The budget, broken into 24 warrant articles, will be voted on beginning at 9 a.m. at the Newbegin Center on Route 100.
The overall budget is a 2.6 percent change from this year’s $4.8 million spending plan, even though operating expenses are up by 11.25 percent.
Money from the town’s savings accounts, including the undesignated fund balance, would be used to fund operating expenses, as well as capital improvements or one-time expenses such as $260,000 to purchase the land for a new public safety station. A total of $640,000 from undesignated accounts will keep the total budget increase to 2.6 percent.
Town Councilor Marchian Crane is not in favor of using undesignated funds for operating expenses. He compared it to using your savings account to pay your electric bill.
“You can only do that so long before depleting your savings,” Crane said Tuesday.

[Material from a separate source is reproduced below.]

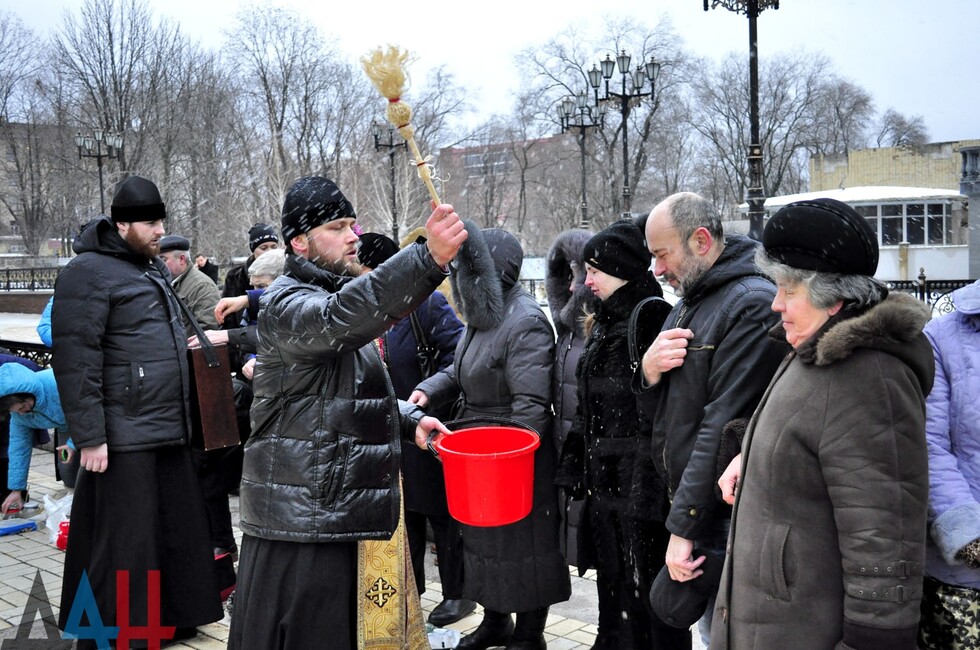 Донецк, 19 янв - ДАН. Православные верующие ДНР встретили Крещение Господне в храмах Республики и у специально подготовленных к празднику купелей.

Town Councilor Tracy Scheckel said Wednesday, “I am totally in support of this budget.” She said that the town’s total bank account is in excess of $7 million.
“We have a healthy undesignated fund balance,” Town Manager Deborah Cabana said Wednesday.
The increased cost of fuel was the biggest challenge in putting together the budget, according to Cabana. Costs for heating town buildings and fueling town vehicles are up by more than $50,000 over this year’s budget. Other products are more expensive, as well.
“We’ve seen a major increase in products such as gravel, sand, and salt,” Cabana said.
Proposed expenses include $260,000 for a new rescue unit. Categories receiving the most money are administrative services, municipal finances, public safety services and public works.
Some late changes to the published warrant were made at an emergency Town Council meeting last Saturday. Scheckel said the meeting was called to correct a calculating error in Article 14.
During this meeting, town manager Cabana and town councilors Andy Upham, Deborah Mancini, Margaret Hutchins, and Scheckel also added an article to allow the town to exceed the state’s property tax levy limit.
If certain items on the budget using undesignated funds were voted down, Scheckel said, the town could be in violation of the property tax levy limit of more than $2.2 million established by state law. Instead of having to call a new town meeting to discuss this, the town councilors decided to add the additional article.
“I think the proposed budget is much too high,” Andy Upham, vice chairman of the town council, said Tuesday. “I don’t feel that the people of Gray can afford those things right now,” he said of the increase in operating expenses. Councilors Upham and Crane voted against the warrant at the town council meeting on April 15.
Several town positions are up for election on June 10. Town residents will select two, three-year Town Council seats. Marchian Crane, Peter Gellerson, Mark Grover, and Andrew Upham are running for these two seats.
For the balance of a three-year term, residents will choose from Philip Pulsifer, Tracy Scheckel, and Richard Walls. There are no contested seats for the School Administrative District 15 School Board and the Gray Water District.
Tod Bennett and Anne Rowe will run for the two three-year terms for the school district. Bruce Sawyer will run for the five-year term at the water district.